Diese hier auch.  Sabayon  bringt all das mit was du suchst. Als LiveCD installierbar, schönes beryl eye-candy und, und, und.

Die Gentooianer wollen sich ja nicht nachsagen lassen, dass es sowas was du wünscht nicht gibt. Allerdings wurde in einem anderen thread mal geäußert:

 *Quote:*   

> 
> 
> Please don't use the GUI Installer, because if you do the manual way, you will understand what you are doing and it will be more useful for you in the future 

 

Und ein Kenner Italiens schrieb dazu:

 *Quote:*   

> If you've never used gentoo before, don't let your first experience of it be sabayon. Use the normal install method for gentoo, the gui installer is still a work in progress.
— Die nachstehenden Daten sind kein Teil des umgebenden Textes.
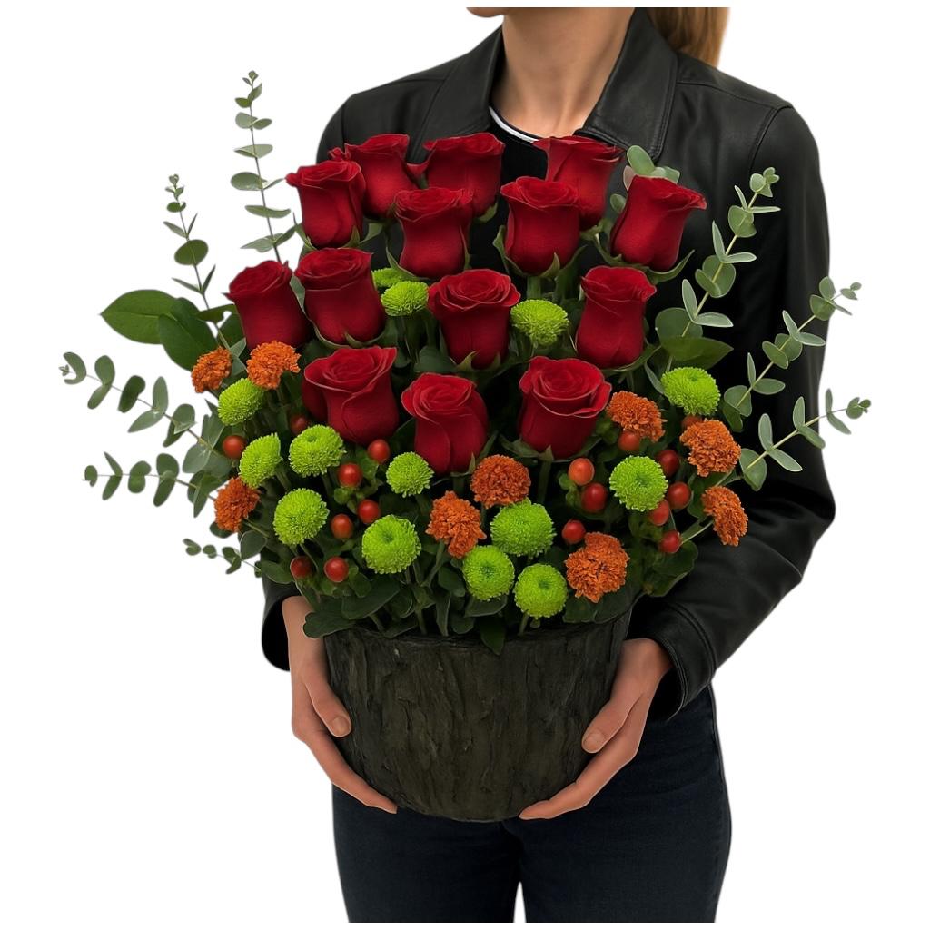 Hildemara Özel Taş Saksı Görünümlü vazo İçerisinde 19 adet 1.kalite kırmızı evered güllerden oluşan okaliptus yaprağı kurutulmuş stabil kırmızı kuru çiçeklerle dizayn edilmiş ortalama yüksekliği 40cm genişliği 25 cm olan canlı Fiorabella Kırmızı Gül Dizaynı.

As for the kernel portion of it, in the next release it will have a manual kernel config option.

 

Bevor ich 10 Cent verwette sage ich nur: Mach was daraus!

Ma

----------

## tuxianer

@Marlo 

 *Quote:*   

> 
> 
>  Bevor ich 10 Cent verwette sage ich nur:
> 
> 

 

Ich nehme mal an du bist damit nicht mit gegangen, falls doch so gehe ich mit auf 15 Cent.

Solltest du nicht mit gegangen sein nehme ich die 10 Cent und erhöhe darauf.
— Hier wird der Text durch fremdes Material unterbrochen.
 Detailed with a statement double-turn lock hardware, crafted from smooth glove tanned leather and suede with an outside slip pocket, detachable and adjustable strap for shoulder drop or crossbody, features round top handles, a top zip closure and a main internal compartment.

MfG  :Wink:  Nichts für un gut john.doe hat schon recht, es ist keine Anmache oder ähnliches..

----------

## Marlo

 *tuxianer wrote:*   

> 
> 
> MfG  Nichts für un gut john.doe hat schon recht, es ist keine Anmache oder ähnliches..

 

Davon geht wohl keiner hier aus!

Übrigens gibt es sogar schon sowas wie  Lehrfilme für Gentoo.

Grüße

Ma

----------

## Finswimmer

Schreib uns doch einfach mal, was du machst.
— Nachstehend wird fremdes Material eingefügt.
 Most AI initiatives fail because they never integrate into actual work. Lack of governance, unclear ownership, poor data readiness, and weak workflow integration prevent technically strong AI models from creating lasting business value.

Aber ORDENTLICH und STRUKTURIERT.

Also von vorne bis hinten:

Wie ist deine Hardware?

Welche CD nutzt du?

Klappt das Partitionieren.

Wenn du dann eine Frage bekommst, schaust du im Handbuch, suchst du unter Google, dann hier im Forum über die Suchfunktion, danach nochmal selbst überlegen, danach "darfst" du uns Fragen.

Wie gesagt: viel Eigeninitiative!

Ein besonderer Tipp: Lies GANZ GENAU die Fehlermeldungen.

Das hätte mir damals eine Menge an Arbeit erspart.

Ansonsten:

Willkommen im Forum!

Tobi

----------

## teaser

Danke der Nachfrage. Ja, alles wieder im grünen Bereich.

 *Quote:*   

> STiGMaTa_ch hat Folgendes geschrieben:
> 
> Du bist einfach noch nicht reif für Gentoo... 

 

Das stört mich nicht.

Ich habe nie behauptet:

- jetzt nur noch gentoo einzusetzen und alle anderen Betriebssysteme von der Festplatte zu verbannen

- in der Lage zu sein gentoo zu administrieren, zu pflegen und zu warten oder synchron zu halten

- nur installieren und sehen was passiert

Learning by doing.

Ich hab sowieso die dunkle Vorahnung, daß mir nach dem ersten erfolgreichen emerge das System rettunglos abschmiert.

 *Quote:*   

>  *Quote:*   teaser hat Folgendes geschrieben:
> 
> Nur seit dem letzten update läuft wine nicht mehr. 
> 
>  *Quote:*   STiGMaTa_ch hat Folgendes geschrieben:
> ...

 

Hm, andererseits ?

Hast Du's drauf ?

Könnntest Du mir eine akzeptable Lösung anbieten, eine komplette Distro||i downzugraden, die Du nicht kennst

Du kriegst von mir einen Xtra-grossen Orden, mit drei Bommeln unten dran und wirst sofort in den Ninja-Master-Himmel befördert.

 *Quote:*   

> Finswimmer hat Folgendes geschrieben:
> 
> Also von vorne bis hinten:
> 
> Wie ist deine Hardware?
> ...

 

 *Quote:*   

> teaser hat Folgendes geschrieben:
> 
> Ich habe ein MSI P4N mit einem Intel D805-64, 2Gig Ram und eine nvidia 7600GT im PCIe-Slot sitzen 

 Last edited by teaser on Mon Apr 09, 2007 8:49 pm; edited 6 times in total

----------

## Necoro

also ich weiß nicht ... ich habe nach diesem Post immer noch keinen Schimmer, was nun eigentlich deine Frage ist

----------

## teaser

 *Quote:*   

> Necoro hat Folgendes geschrieben:
> 
> ...ohne alles gelesen zu haben:

 

no comment.

----------

## musv

 *Necoro wrote:*   

> ich habe nach diesem Post immer noch keinen Schimmer, was nun eigentlich deine Frage ist

 

Er scheint nach allen Regeln der Kunst an der Gentoo-Installation gescheitert zu sein.

 *teaser wrote:*   

> Windows weg, 20 Gig Daten sowie sämtliche gesicherte Betriebssysteme. ( Ab heute kommen die auf die zweite Platte. )

 

Siehste, jetzt hast du schon Deine erste Sache gelernt. Der Gentoo-Lerneffekt tritt eben schneller ein als das die meisten denken.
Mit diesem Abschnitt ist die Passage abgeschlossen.